My sentences are as crooked as my stitches used to be.
If the girl had not been so small and starved, Arya would have smashed her stupid face. Instead she gnawed her lip.
Too stupid to learn and too stupid to give up.

The Common Tongue came to the waif more quickly. One day at supper she turned to Arya, and asked, “Who are you?”

“No one,” Arya answered, in Braavosi.

“You lie,” said the waif. “You must lie gooder.”

Arya laughed. “Gooder? You mean
better,
stupid.”

“Better stupid. I will show you.”

The next day they began the lying game, asking questions of one another, taking turns. Sometimes they would answer truly, sometimes they would lie. The questioner had to try and tell what was true and what was false. The waif always seemed to know. Arya had to guess. Most of the time she guessed wrong.

“How many years have you?” the waif asked her once, in the Common Tongue. “Ten,” said Arya, and raised ten fingers. She
thought
she was still ten, though it was hard to know for certain. The Braavosi counted days differently than they did in Westeros. For all she knew her name day had come and gone.

The waif nodded. Arya nodded back, and in her best Braavosi said, “How many years have
you?

The waif showed ten fingers. Then ten again, and yet again. Then six. Her face remained as smooth as still water.
She can’t be six-and-thirty,
Arya thought.
She’s a little girl.
“You’re lying,” she said. The waif shook her head and showed her once again: ten and ten and ten and six. She said the words for six-and-thirty, and made Arya say them too.

The next day she told the kindly man what the waif had claimed. “She did not lie,” the priest said, chuckling. “The one you call
waif
is a woman grown who has spent her life serving Him of Many Faces. She gave Him all she was, all she ever might have been, all the lives that were within her.”

Arya bit her lip. “Will I be like her?”

“No,” he said, “not unless you wish it. It is the poisons that have made her as you see her.”

Poisons.
She understood then. Every evening after prayer the waif emptied a stone flagon into the waters of the black pool.

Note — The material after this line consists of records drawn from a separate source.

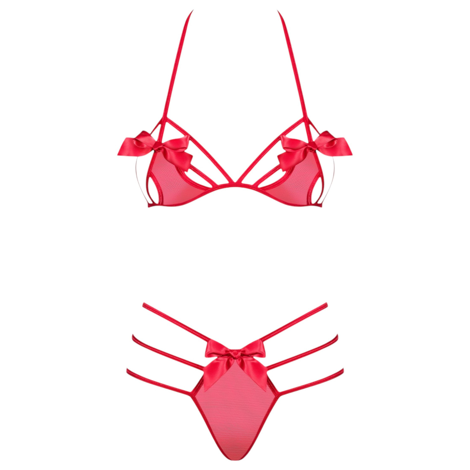 Az Obsessive Giftella szett egy érzéki és játékos fehérnemű összeállítás, amely puha, áttetsző stretch anyagból készült, stílusos pántos dizájnnal és dekoratív masnikkal.
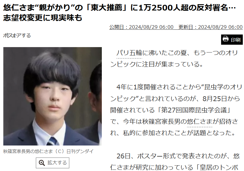 不僅如此,就連悠仁目前就讀的學校都有爭議。據瞭解,悠仁親王原計劃是“保送”東京大學,但卻引發了民眾強烈抗議,日本網友甚至發起在線請願活動,反對東大錄取悠仁,不到半個月超過1.2萬人簽名!
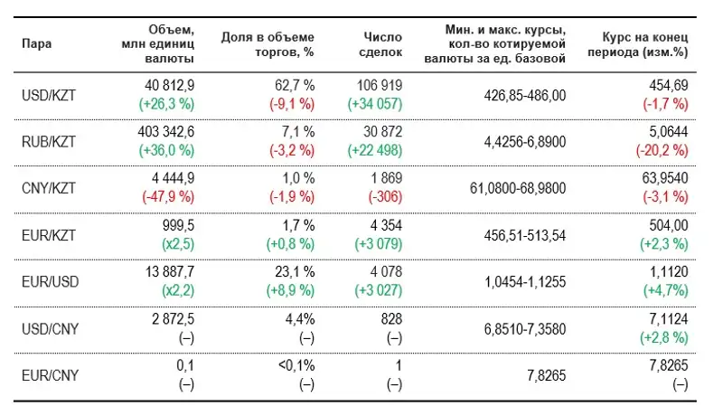 "В 2023 году доля торгов валютной парой доллар США-казахстанский тенге в общем объёме торгов иностранной валютой снизилась до 62,7%, в 2022 году доля торгов данной валютной парой составляла 75,7%. При этом возросла доля торгов валютной парой евро-доллар США и по итогам года составила 23,1%". KASE
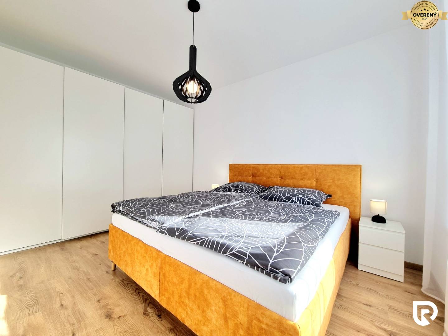 • spálňa s veľkou rolldor skriňou, ktorá poskytuje dostatok úložného priestoru, manželskou posteľou, nočnými stolíkmi, lampami a elektrickými žalúziami.
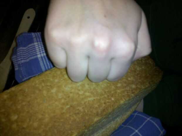 El pan 's listo Si suena hueca al golpear en la parte inferior. Tenga mucho cuidado de las manos, haciendo que el pan está caliente! Si no suena hueco, darle otro 10 minutos, y luego intenta otra vez. Si usted siente que está oscureciendo demasiado para su gusto, cubrir con papel de aluminio (y tal vez lo Hornee a una temperatura inferior la próxima vez!)
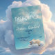 Um gatinho dormindo nas nuvens faz um convite aconchegante para o chá de fraldas de uma menina.
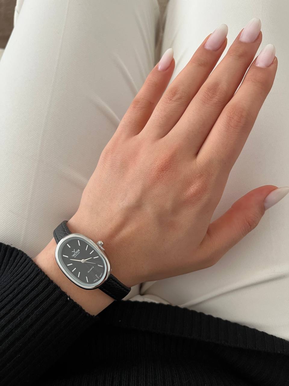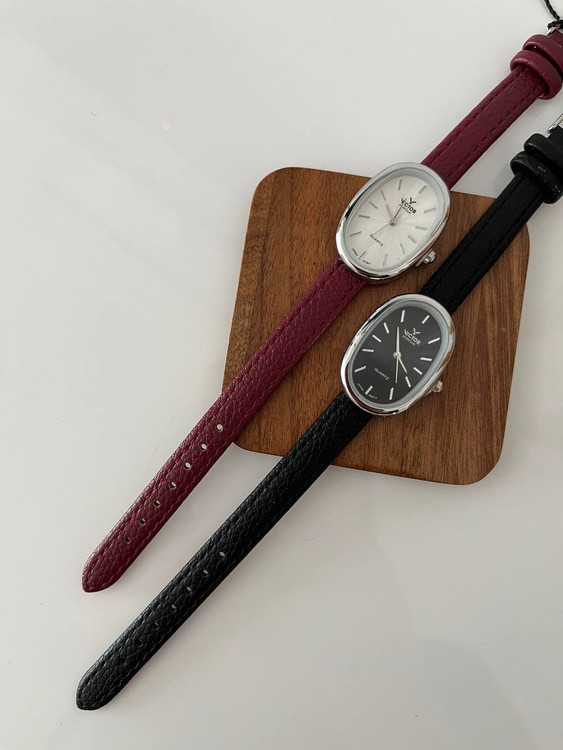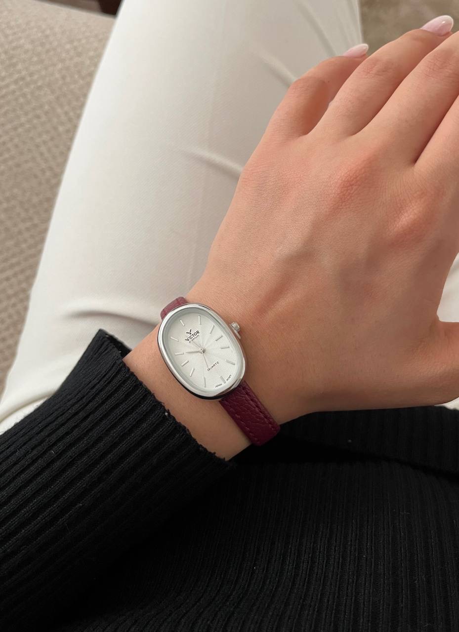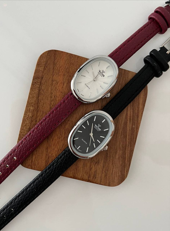 ساعت دخترانه بند چرم و صفحه استیل بیضی از برند ویکتور با باتری کوارتز.ساعت بسیار با دوام و خوش استایل است و مناسب بانوان خاص پسند میباشد.قابل ست کردن با استایل های روزانه میباشد.

The waif and kindly man were not the only servants of the Many-Faced God. From time to time others would visit the House of Black and White. The fat fellow had fierce black eyes, a hook nose, and a wide mouth full of yellow teeth. The stern face never smiled; his eyes were pale, his lips full and dark. The handsome man had a beard of a different color every time she saw him, and a different nose, but he was never less than comely. Those three came most often, but there were others: the squinter, the lordling, the starved man. One time the fat fellow and the squinter came together. Umma sent Arya to pour for them. “When you are not pouring, you must stand as still as if you had been carved of stone,” the kindly man told her. “Can you do that?”

“Yes.”
Before you can learn to move you must learn to be still,
Syrio Forel had taught her long ago at King’s Landing, and she had. She had served as Roose Bolton’s cupbearer at Harrenhal, and he would flay you if you spilled his wine.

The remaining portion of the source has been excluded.